I took "your word" to the point where I don't think you lied about anything, but I merely suggested you might have some perception problems on your end. I think this may be the case because:
- you say you are not trying to belittle the company, yet you did so several time in that very post and you continue to do so throughout the thread
- you continue to use the word demand when talking about your counteroffer, which can come off negatively. You even used it when explaining here that your "salary demands were $XYZ".
- the fact is you had an offer and were told you were a perfect fit; you made a counteroffer; then you were told that you are no longer a fit.

I will repeat myself because I think you missed it and say if you can look at the whole situation and feel good about how you handled it. then you get to happily move on no worse for the wear. I point no fingers and make no judgments. I simply told you what my gut feel was based upon the things I highlighted. I won't be offended if you choose to ignore it.
Wow, I'm sorry, but we are on two different wave lengths. I don't agree with anything you're saying, and it's not because I refuse to acknowledge where I'm wrong. I already have done that, see the post above your last post. It's because you are way off base.

Let me briefly touch base on each of your bullet points above.

First off, I'm not belittling the company. I don't care what you say, I'm not. I don't agree with how they handled the situation and I'm happy that I avoided what I foresee as a troubling situation for me personally. That is the only thing I've said about this company in this thread. When I say I "dodged a bullet", that is not belittling the company. Because I said that I felt it was unprofessional, that is not belittling the company. Do you understand? Additionally, what does this have to do with me not getting the offer? This so-called belittling happened on this forum after the fact, not during the negotiation.
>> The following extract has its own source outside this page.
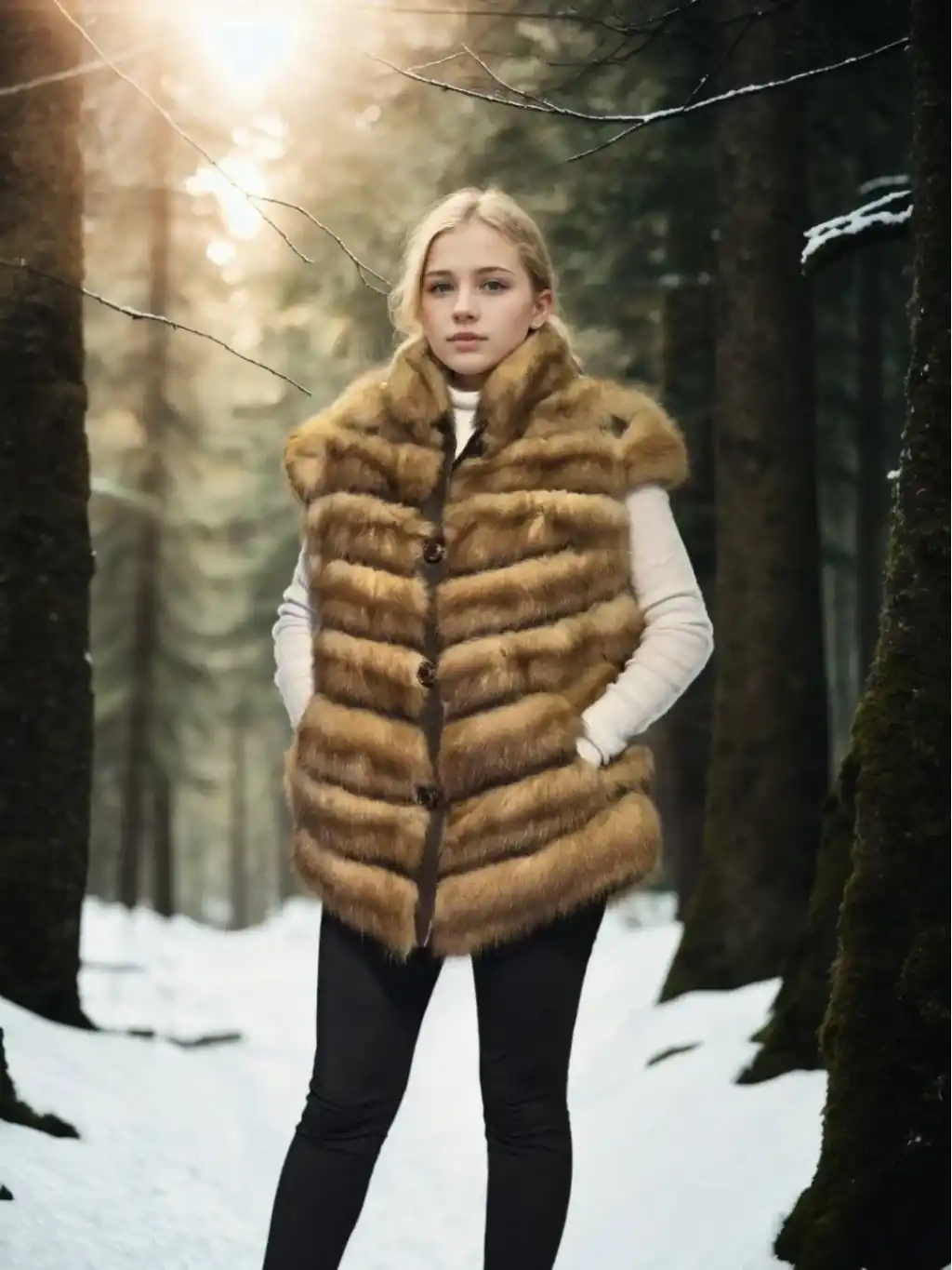 Kadın Kolsuz Hakiki Kürk - Kahve

Secondly, I didn't make any demands. Stop implying that this is what I did simply because I've used the word in a sentence. The only reason I've used that term throughout this thread is to describe the very thing that I did not do.
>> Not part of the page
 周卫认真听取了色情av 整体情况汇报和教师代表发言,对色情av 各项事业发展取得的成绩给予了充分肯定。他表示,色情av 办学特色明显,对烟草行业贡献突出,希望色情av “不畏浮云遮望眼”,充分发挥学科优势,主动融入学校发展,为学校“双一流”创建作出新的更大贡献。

Thirdly, I would say it was more of me asking, not counter offering. Making a counter offer, IMO, suggests that I made a conditional statement. In other words, "I won't accept this job UNLESS you meet these requirements". That is not even close to what I did. I asked if they were flexible with X, Y, and Z. That's it, simple as that. If that is why I lost out on the offer, then I am much better off because I have a better situation where I work now. It's also a possibility that she misinterpreted what I was asking. Maybe she took it as me making demands. But I wasn't. And if she couldn't see through that, what does it say about their experience and policy with on-boarding?

If anything, all I did wrong was ask (NOT demand) for what I wanted. If that's a terrible offense, so be it. Regardless of what anyone on here says, negotiation is part of the job seeking process. If what they offer you is exactly what you want, then clearly no negotiation is needed. But if the offer isn't exactly what you want, there is absolutely nothing wrong with asking if certain parts can be improved upon. And in most cases, the job seeker will not be dealing with a hiring manager like this, who will take offense at the inquiry and completely withdraw your offer. This belief comes from my own personal experience, insights from experienced colleagues, and research.

Last edited by Tekkie; 07-23-2013 at 02:16 PM..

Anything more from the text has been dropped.